◆ **Exercise objective**
Omitting the pictures, print every line below exactly as it stands.

◆ **Records for this exercise**
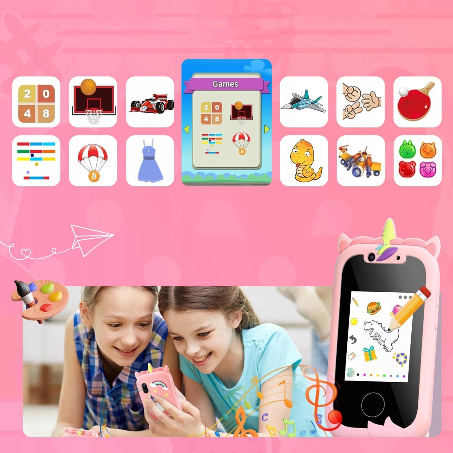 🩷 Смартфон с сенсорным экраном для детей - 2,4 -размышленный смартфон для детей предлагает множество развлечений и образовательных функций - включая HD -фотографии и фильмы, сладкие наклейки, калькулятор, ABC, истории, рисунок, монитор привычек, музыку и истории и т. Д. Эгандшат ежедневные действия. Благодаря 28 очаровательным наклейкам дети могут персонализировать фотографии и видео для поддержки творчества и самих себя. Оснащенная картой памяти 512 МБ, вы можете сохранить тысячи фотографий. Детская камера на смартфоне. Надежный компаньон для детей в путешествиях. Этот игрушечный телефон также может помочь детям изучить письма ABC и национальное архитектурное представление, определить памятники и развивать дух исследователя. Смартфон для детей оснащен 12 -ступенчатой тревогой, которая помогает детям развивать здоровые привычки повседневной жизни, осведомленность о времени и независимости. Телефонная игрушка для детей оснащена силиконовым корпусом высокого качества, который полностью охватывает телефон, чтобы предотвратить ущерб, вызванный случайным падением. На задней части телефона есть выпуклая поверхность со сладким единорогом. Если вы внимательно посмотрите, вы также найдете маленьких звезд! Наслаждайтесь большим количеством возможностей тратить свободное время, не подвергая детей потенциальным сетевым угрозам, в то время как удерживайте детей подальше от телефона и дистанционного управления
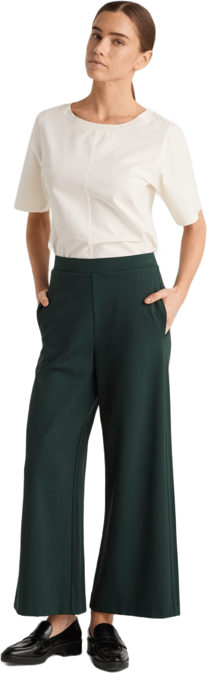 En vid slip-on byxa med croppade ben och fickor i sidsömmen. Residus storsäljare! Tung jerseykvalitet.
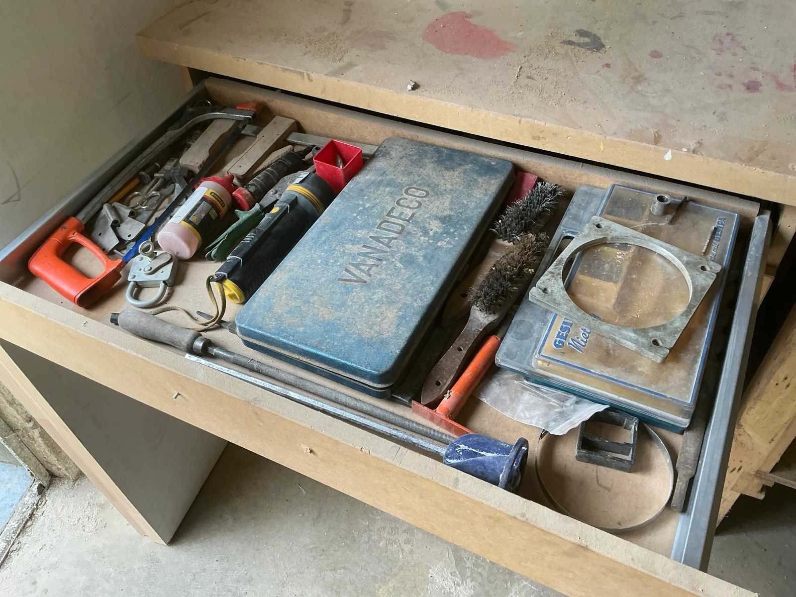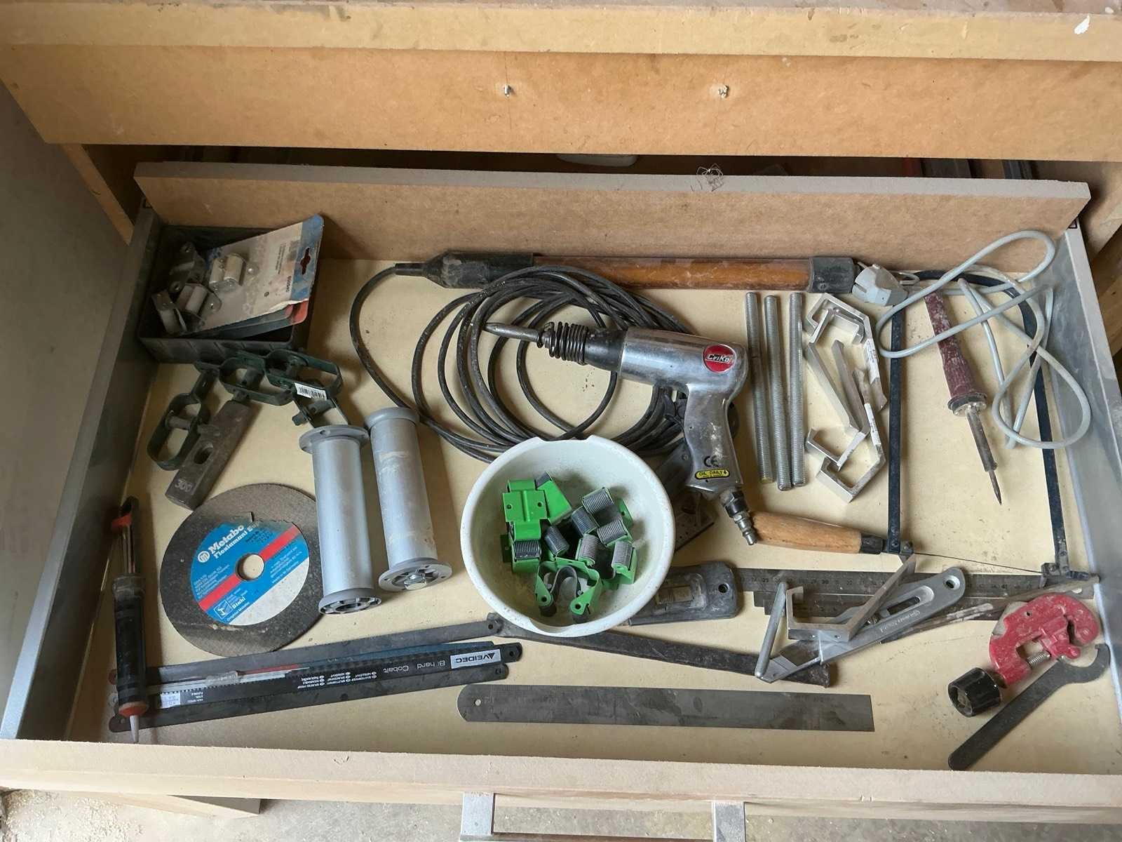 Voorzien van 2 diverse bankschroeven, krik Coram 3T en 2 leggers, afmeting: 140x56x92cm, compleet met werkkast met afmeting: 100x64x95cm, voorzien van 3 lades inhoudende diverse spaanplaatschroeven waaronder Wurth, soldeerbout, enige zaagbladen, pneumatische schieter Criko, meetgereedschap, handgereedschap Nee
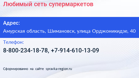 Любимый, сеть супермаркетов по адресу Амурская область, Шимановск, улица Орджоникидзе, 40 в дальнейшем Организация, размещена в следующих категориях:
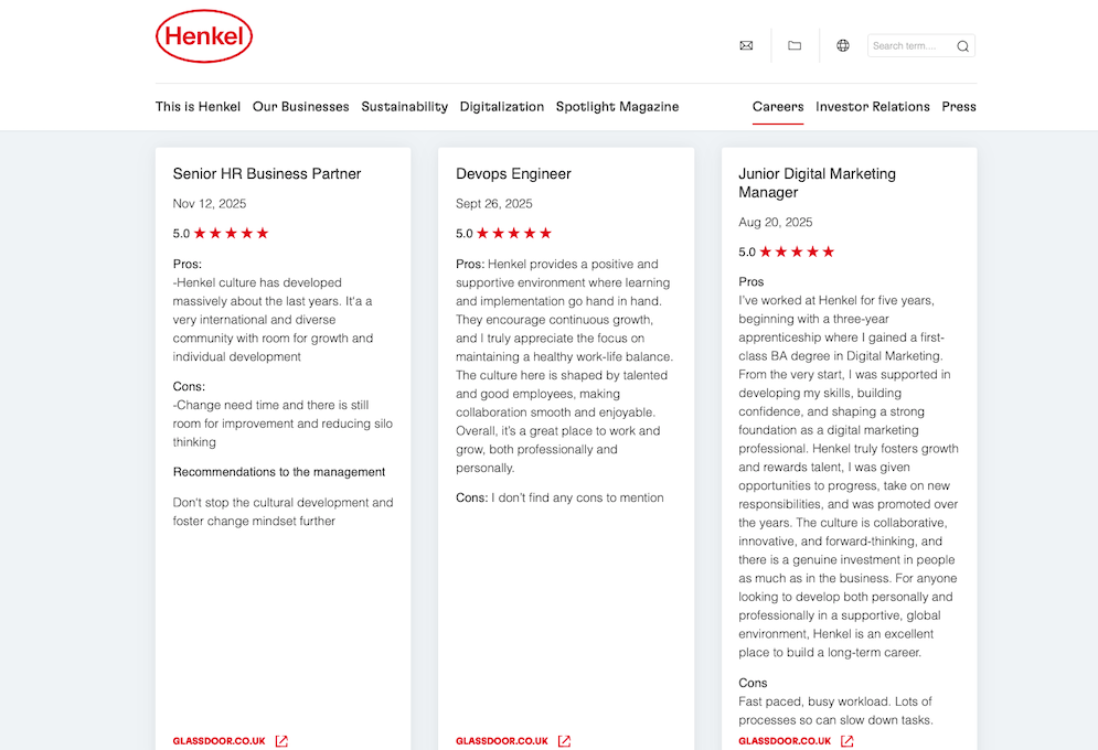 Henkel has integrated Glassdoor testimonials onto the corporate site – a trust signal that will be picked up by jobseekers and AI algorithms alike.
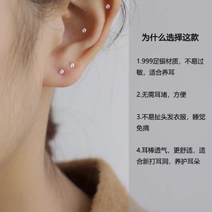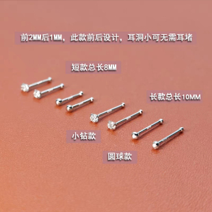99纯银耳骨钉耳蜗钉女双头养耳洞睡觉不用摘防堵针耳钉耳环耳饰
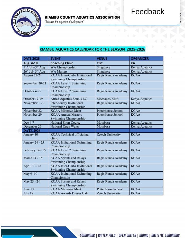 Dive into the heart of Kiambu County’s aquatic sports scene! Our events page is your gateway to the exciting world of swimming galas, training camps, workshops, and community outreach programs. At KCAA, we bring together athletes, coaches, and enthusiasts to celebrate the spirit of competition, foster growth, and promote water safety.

◆ **Response for this exercise**
 🩷 Смартфон с сенсорным экраном для детей - 2,4 -размышленный смартфон для детей предлагает множество развлечений и образовательных функций - включая HD -фотографии и фильмы, сладкие наклейки, калькулятор, ABC, истории, рисунок, монитор привычек, музыку и истории и т. Д. Эгандшат ежедневные действия. Благодаря 28 очаровательным наклейкам дети могут персонализировать фотографии и видео для поддержки творчества и самих себя. Оснащенная картой памяти 512 МБ, вы можете сохранить тысячи фотографий. Детская камера на смартфоне. Надежный компаньон для детей в путешествиях. Этот игрушечный телефон также может помочь детям изучить письма ABC и национальное архитектурное представление, определить памятники и развивать дух исследователя. Смартфон для детей оснащен 12 -ступенчатой тревогой, которая помогает детям развивать здоровые привычки повседневной жизни, осведомленность о времени и независимости. Телефонная игрушка для детей оснащена силиконовым корпусом высокого качества, который полностью охватывает телефон, чтобы предотвратить ущерб, вызванный случайным падением. На задней части телефона есть выпуклая поверхность со сладким единорогом. Если вы внимательно посмотрите, вы также найдете маленьких звезд! Наслаждайтесь большим количеством возможностей тратить свободное время, не подвергая детей потенциальным сетевым угрозам, в то время как удерживайте детей подальше от телефона и дистанционного управления
 En vid slip-on byxa med croppade ben och fickor i sidsömmen. Residus storsäljare! Tung jerseykvalitet.
 Voorzien van 2 diverse bankschroeven, krik Coram 3T en 2 leggers, afmeting: 140x56x92cm, compleet met werkkast met afmeting: 100x64x95cm, voorzien van 3 lades inhoudende diverse spaanplaatschroeven waaronder Wurth, soldeerbout, enige zaagbladen, pneumatische schieter Criko, meetgereedschap, handgereedschap Nee
 Любимый, сеть супермаркетов по адресу Амурская область, Шимановск, улица Орджоникидзе, 40 в дальнейшем Организация, размещена в следующих категориях:
 Henkel has integrated Glassdoor testimonials onto the corporate site – a trust signal that will be picked up by jobseekers and AI algorithms alike.
99纯银耳骨钉耳蜗钉女双头养耳洞睡觉不用摘防堵针耳钉耳环耳饰
 Dive into the heart of Kiambu County’s aquatic sports scene! Our events page is your gateway to the exciting world of swimming galas, training camps, workshops, and community outreach programs. At KCAA, we bring together athletes, coaches, and enthusiasts to celebrate the spirit of competition, foster growth, and promote water safety.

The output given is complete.